By Kate Pierson
The rhetorical question “does your left hand know what your right hand’s doing?” is a figure of speech that’s been bandied about for years.
While philosophers have pondered all its metaphorical and multifaceted meanings, in the context of this discussion, this expression is aligned with the importance of effective professional communication.
This means ensuring your core constituents, those who are an extension of you and your business, have an open and honest relationship with each other that is supervised and supported by you.
Fact is though, getting compartmentalised departments to work in unison is an exercise of professional co-ordination, as is ensuring these divisions continue to feed each other the time, energy and information to grow and survive.
But challenging or not, bridging the communication chasm between coexisting components of a company is an absolute must do; it is the hallmark of a business’ best friends — efficiency and productivity.
Needless to say, communication is particularly important when ‘risk creators’ such as salespeople, marketers and buyers are involved — for example, those whose actions or inactions have a direct impact on the bottom line.
Synchronicity
Smart business practise demands an holistic approach be employed and this is about synchronising departments that work simultaneously.

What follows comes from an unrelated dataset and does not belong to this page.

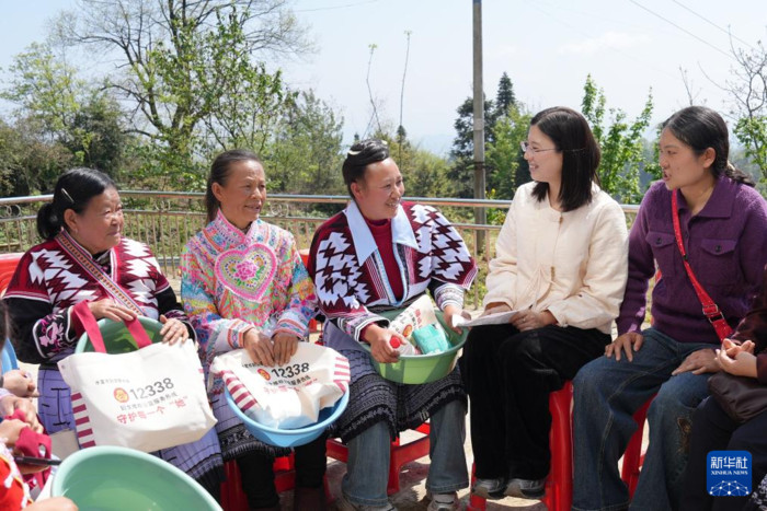 | 4月9日,在云南省水富市两碗镇成凤村,妇女干部(右二)了解当地妇女家庭生活情况。新华社发(狄廷秀摄) |

Because having a collective team working in disconnected entities is like having a security net with holes in it — just pointless. You’re pouring resource, time and energy in, but losing it at an equal or even higher rate due to poor decisions being made and a prolonged failure to recognise that fact. Quite simply, a breakdown in communication can lead to a breakup between you and your company and yes, it will hurt — emotionally and financially.
The subsequent losses eventuating from business blunders may not happen overnight, but progressively the cross-purpose decisions being made, in conjunction with general misunderstandings, misinterpretations and digressions from important tasks, will inevitably take a cumulative toll — and it’s unlikely the outcome of these professional faux pas’ will have ‘positive’ written all over it.
The facts speak for themselves. Around 220 organisations employing 32,000 New Zealanders took part in the JRA Best Workplaces Survey for 2009 and JRA managing director John Robertson asserts that, based on the results, communication and clarity of purpose were the clear characteristics of success for 2009.
“The top 25 percent of organisations in our 2009 Best Workplaces Survey showed clear differences in the way they managed their people during the recession and significant differences in the levels of engagement they sustained. Communication became more important than ever, as did clarity of purpose and the role everyone had in achieving organisation goals and objectives,” Roberston explains.
“‘We’re all in this together’ was the rallying cry for many and 2009 became a great opportunity to demonstrate what ‘values’ really meant in practice. We’ve heard stories from organisations who experienced the benefits of an engaged workforce as people responded with performance that went way above the norm.”
The bottom line? If communication was not the currency for commercial success, then organisations like the Employers and Manufacturers Association (EMA) would not have implemented personal development programmes to enhance communication skills.